This small book is the second in a series of four, consisting of reflections and practices related to the ‘sublime abiding places for the heart’ – the four brahma-vihāras, in Buddhist parlance. The vision for the series is to explore these sublime abidings via the somewhat oblique approach of looking at what counters or muddies their activity. In this second book we will be investigating karuṇā through the lens of that kind of anxious helpfulness that feels like we’re never doing enough, or that wants to fix others so that we will feel better, or the attitude that we don’t deserve ever to feel peaceful or happy while others are still suffering. The other three books in the series similarly explore the remaining brahma-vihāras through aspects of mind and behaviour that oppose or confuse them.
Ajahn Amaro
Born in England in 1956, Ajahn Amaro received his BSc. in Psychology and Physiology from the University of London. Spiritual searching led him to Thailand, where he went to Wat Pah Nanachat, a Forest Tradition monastery established for Western disciples of Thai meditation master Ajahn Chah, who ordained him as a bhikkhu in April 1979. He returned to England in October 1979 and joined Ajahn Sumedho at the newly established Chithurst Monastery in West Sussex.
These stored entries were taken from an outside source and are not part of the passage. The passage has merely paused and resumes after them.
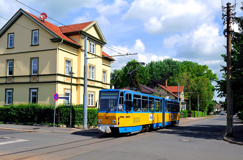 Bevor die Reise mit der Thüringerwaldbahn in Richtung Bad Tabarz weitergeht, wenden wir uns kurz der Linie 6 in Richtung Waltershausen (Bahnhof) zu, die in Waltershausen (Gleisdreieck) ihren Ausgangspunkt hat. Am 21.Mai 2016 war für die Linie 6 der Tatra Triebwagen mit der Nummer 316 (CKD Prag, Baujahr 1990) dort im Einsatz.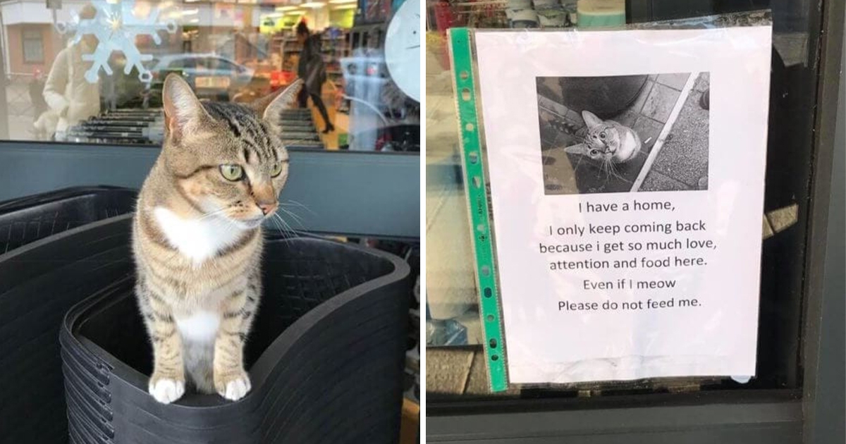 專業詐欺犯!萌貓「假扮浪浪」在超市討罐罐 主人無奈貼公告:牠裝的!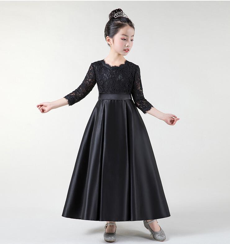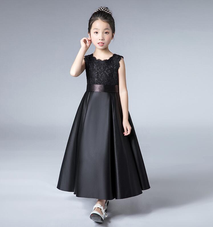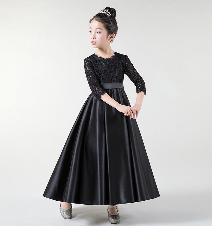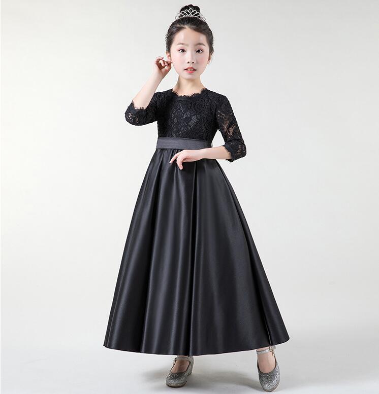 子供ドレス キッズ フォーマル ジュニア 子供服 女の子 ピアノ プリンセス パーティードレス マキシ丈ワンピース 袖なし 7分袖ワンピース 高品質 ブラック 黒80~160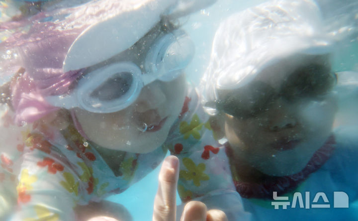 [부산=뉴시스] 하경민 기자 = 전국적으로 폭염이 기승을 부리고 있는 28일 부산 연제구청에 마련된 물놀이장을 찾은 어린이들이 잠수를 하며 더위를 식히고 있다.

In 1983 he made an 830-mile trek from Chithurst to a new branch monastery, Harnham Vihāra, near the Scottish border. In July 1985, he moved to Amaravati Buddhist Monastery north of London and resided there for many years. In the early 1990s, he started making trips to California every year, eventually establishing Abhayagiri Monastery near Ukiah, Northern California, in June of 1996.
He lived at Abhayagiri until the summer of 2010, holding the position of co-abbot along with Ajahn Pasanno. At that time, he then moved back to Amaravati Buddhist Monastery in England to take up the position of abbot of this large monastic community.